When strangers compliment us out in public for having 6 well behaved children sit down eating in a restaurant without a food fight, running around & not screaming, it is refreshing & makes us Proud, but we were just having a "good" day! 

It is only a BLessing that others can see all of this goodness when we are out & about. Nice to receive compliments- and raises too, you are obviously doing a fine "job" or you have favor with your boss for some other reason. 

I would say .....If your tried & true close friends who know you best (none of mine would ever compliment me on my patience), if they do not know the REAL YOU, patheitc flaws & all, then you ARE hiding. Maybe need to be a little more *open* & *humble *with those around you. I think this only helps with deepening existing relationships, others will find you more "relatable", easy for them to open up & not feel intimidated by your "goodness".

But out & about, in this big bad world, nothing wrong with trying to look our best, treat others with respect, even if they are not our favorite people, and getting some compliments on the way. 

Sometimes we really do deserve them!


----------



## greenpearl (Sep 3, 2010)

I fake when I am with Christians who believe in GOD, I have to pretend that I believe what they believe. It was a lot of pain for me because I don't enjoy faking! I couldn't say what's in my mind, I have to be a mute or say things which was not my true mind. 

Now I don't need to fake anymore, so relieved. 
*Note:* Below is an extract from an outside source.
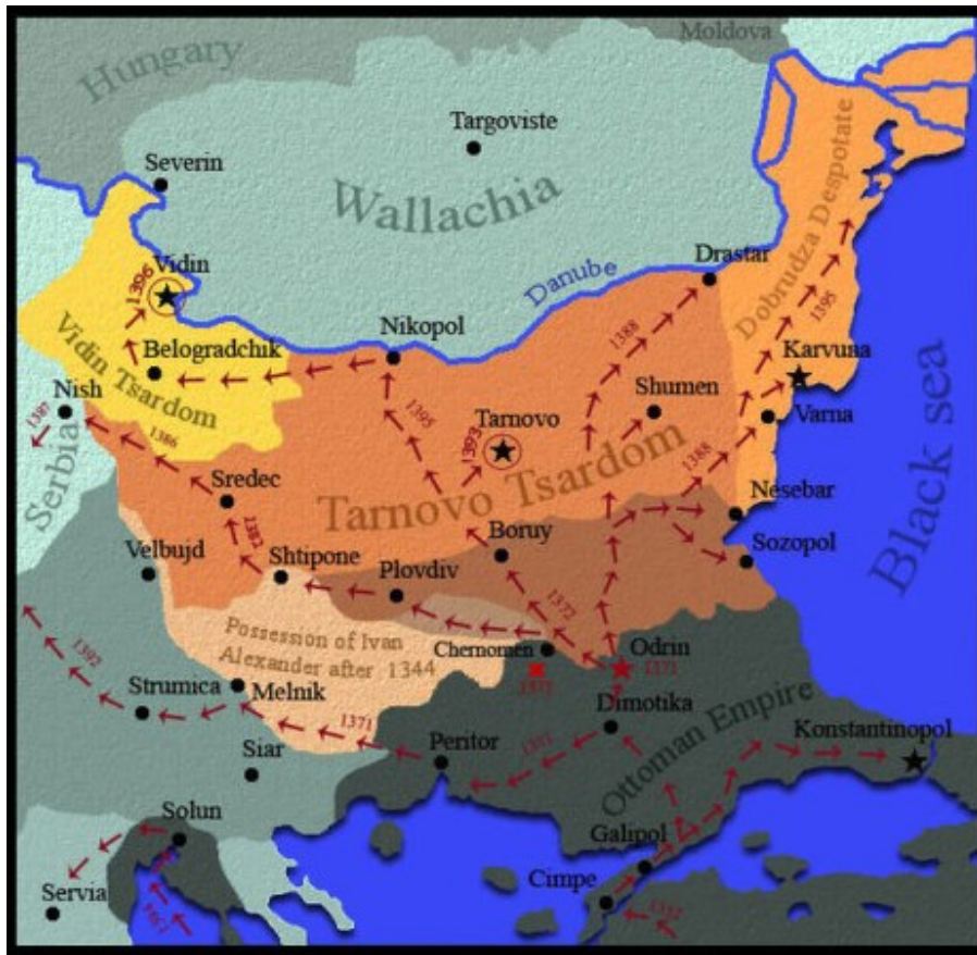
Karta 1 - Mjesto sukoba srpske i osmanske vojske na rijeci Marici 1371. te daljnji tijek kretanja osmanske vojske 32

Posljedice Maričke bitke bile su katastrofalne. Nedugo nakon završetka bitke, 2. ili 4. prosinca 1371. godine car Uroš V. umire bez nasljednika. Njegova smrt obilježava kraj dinastije Nemanjića koja je na čelu srpskog teritorija bila gotovo dva stoljeća. Nadalje od tog trenutka Srpsko Carstvo uistinu prestaje postojati jer carske figure više nema. Niti jedna osoba u tom trenutku nije bila dovoljno snažna da se proglasi carem Srba. No 1377. godine bosanski ban Tvrtko I. Kotromanić okrunio se dvostrukom krunom za kralja Bosne i Srba. Miloš Blagojević u svojoj knjizi opravdava Tvrtkov potez i objašnjava na koji to način njemu kruna faktički i može pripasti te navodi postojanje dvaju kraljeva u to vrijeme. Naime, po ženskoj liniji Tvrtko je bio potomak kralja Dragutina, a po muškoj liniji bio je potomak vladarskog roda Kotromanića. Osim njega, titulu kralja imao je i Vukašinov sin, kralj Marko. Međutim, ni Marko, ni Tvrtko nisu bili dovoljno jaki da bi postali carevi. Iako se broj oblasnih gospodara smanjio, činjenica je da su oni koji su preostali imali jaču moć nego ikada prije. Posebno se ističe knez Lazar Hrebeljanović koji nije

With people in the world, I don't fake, I am genuine!


----------



## Cinta (Dec 29, 2010)

I think that we all have moments like this and that's okay - as long as we give ourselves credit when it is due. It is okay though that you potray yourself a certain way to certain people, but you need to be able to be your true self worts and all around those who love you.


----------



## F-102 (Sep 15, 2010)

I feel that way frequently. I feel like "It's only a matter of time until they find me out".
Look up "imposter syndrome", maybe that can help.


----------